Ariel Montoya*
Los calificativos del profesor andrés pérez baltodano, en los que hace referencia al comportamiento de la clase política nacional (la llama “Pandilla”), albergan, además del tono pesimista, una equivocada percepción sobre la misma, subestimando el peso y la influencia social, así como la especificidad histórica de la nación nicaragüense, en la que tanto el poder del partido y la solemnidad del caudillo —o el líder— continúan a la vanguardia de las grandes decisiones.
No voy a traer a colación la afirmación aristotélica de que todo hombre es un animal político (en nuestro país también la exaltación provinciana sostiene que todo nicaragüense es un animal poético), sin embargo, tratar de deslegitimar la actividad de los partidos mayoritarios nicaragüenses, comparándolas con las pandillas antisociales, conlleva un desacierto sin precedentes, independientemente de sus abultados errores.

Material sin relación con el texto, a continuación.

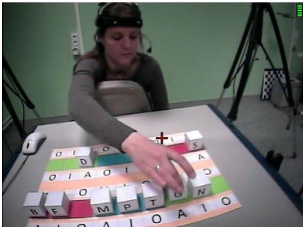
Figure 1: One subject's view recorded by a head mounted scene camera. Here, it is the informant's view: she sees the labels on the cubes and tells the position of the requested cube. The role of the opposite subject (visible in the figure) is manipulator: she requests the position of a cube by telling its label, moves the cube (here the third from six cubes to be moved) and ends the move by a click on the mouse button.

We monitored four interactions of one person (our reference subject) with four different interactants. During the interaction the reference subject acted as manipulator in 6 rounds and as informant in another six rounds, she wore dark glasses in half of the rounds and did not wear dark glasses in the other half. All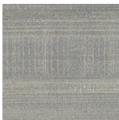
W2-MT-02 SMOKED PLATINUM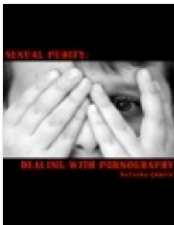
Double CD - R65 DVD - R80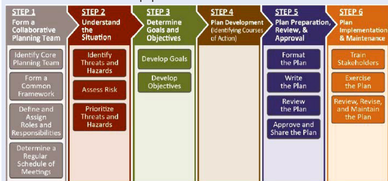
Figure 1: Steps in the Planning Process

Arizona Department of Education April 2019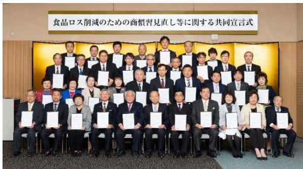
Conclusion of a joint agreement by members of the Prefectural Residents' Council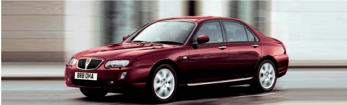
The ill-fated Rover 75, Rover’s last model

With BMW in charge, Rover lost its new masters a cool $US6billion.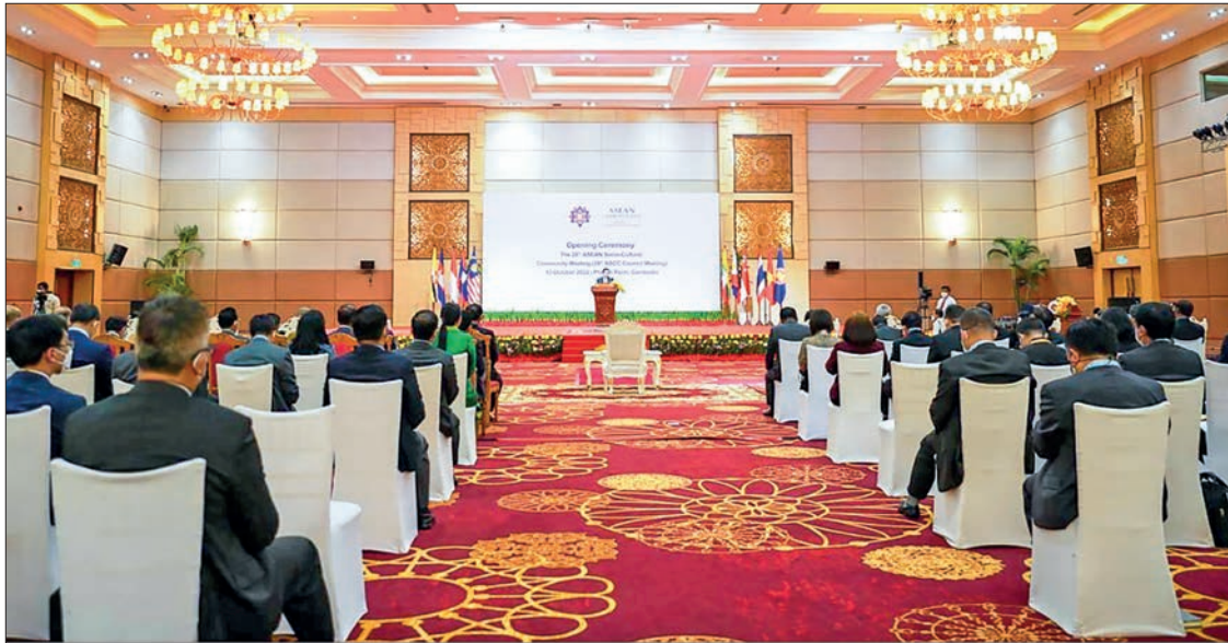
Union Religious Affairs and Culture Minister U Ko Ko and Myanmar delegation take part in the 28th ASEAN Socio-Cultural Community Council Ministers Meeting in Cambodia.

CAMBODIA hosted the 28th ASEAN Socio-Cultural Community Council (ASCC) Ministers Meeting in Phnom Penh yesterday.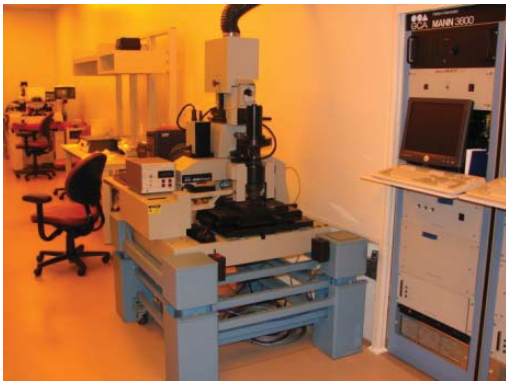
GCA 3600 Pattern Generator

Mask Making Suite: In-house mask making allows for more creativity and design flexibility at reduced cost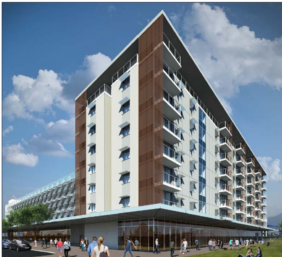
Option 2: Improvement but Not Supported

El que haya caudillos y líderes en el país no significa que no tengamos partidos políticos, grandes por cierto, capaces de conglomerar el sentido brujular de la identidad política luego de la ruptura del bipartidismo libero-conservador en 1979.
Más allá de las crisis históricas, ideológicas o circunstanciales de estos partidos mayoritarios (el Liberal Constitucionalista y el Frente Sandinista), y más allá de la aceptación electoral de los mismos, son estructuras sólidas con una concepción propia del mundo, una praxis y una teoría; el hecho de que haya elementos irregulares incontrolados que se constituyan temporalmente en fuerzas agresivas o contrarias a los principios de la ética y del bien común, son hechos que no significan necesariamente la negación de los partidos políticos y sus necesarias reivindicaciones.
Por otra parte, el que el liberalismo sea laico, respetuoso y tolerante de las otras religiones no implica que deba ser necesariamente enemigo del catolicismo. Porque, afirmar lo contrario sería situarse en plena Revolución Francesa, en la época del terror revolucionario cuando se perseguía a los curas y se confiscaban los bienes de la Iglesia. Eso corresponde a épocas pasadas. En la actualidad, en el liberalismo social remozado del mundo moderno, hay liberales, e incluso masones, que van a misa, etc… El mismo Mussolini, el creador del fascismo, mantuvo buenas relaciones con el Vaticano, estableciendo un Concordato. Esa idea de que el liberalismo debe estar en lucha permanente con la religión es una concepción desfasada de la realidad sociopolítica actual; lo malo sería, en todo caso, que las decisiones políticas y sociales dependan del veredicto de la Jerarquía Eclesiástica.
La política, como quería Locke, no debe ser otra cosa sino el buen sentido aplicado a la moral. Y esta máxima, en definitiva, es la que sigue y persigue un partido como el liberal con un candidato de lujo como Enrique Bolaños, de cara en la actualidad a las próximas elecciones nacionales. Hombre moderado, tolerante y fundamentalmente ético, que sabe que los experimentos pragmáticos en el campo de la economía, significan también una revolución; no en su sentido traumático y tenebroso, sino en la esfera del cambio profundo y gradual. Bolaños, a quien el Partido Liberal ha escogido por su calidad moral y humana, así como por ser un conocedor del programa liberal, sabe que, como decía el pensador francés Rivarol: “El genio de la política consiste, no en crear, sino en conservar; no en cambiar sino en fijar”. En cuanto al partido del Frente Sandinista, es inconcebible no configurarlo desde un rumbo estratégico administrativo, sea como oposición o como gobierno, en el dudoso caso de que llegara a ganar las elecciones.
Ya Enrique Guzmán en el siglo pasado había usado el término de pandilleros, para referirse a cierta clase política de la época, enfrascada en tamborileos señoriales. A un siglo de distancia, es inconcebible continuar manejando este tipo de retóricas analíticas sobre su funcionamiento, puesto que mientras siga poseyendo el liderazgo vertebral del desarrollo identitario de la nación, continuará arrojando cenizas y esperanzas, según los elementos dedicados a la política, esa misma que Rivarol definía como la Esfinge de la fábula: que devora a quienes no adivinan sus enigmas.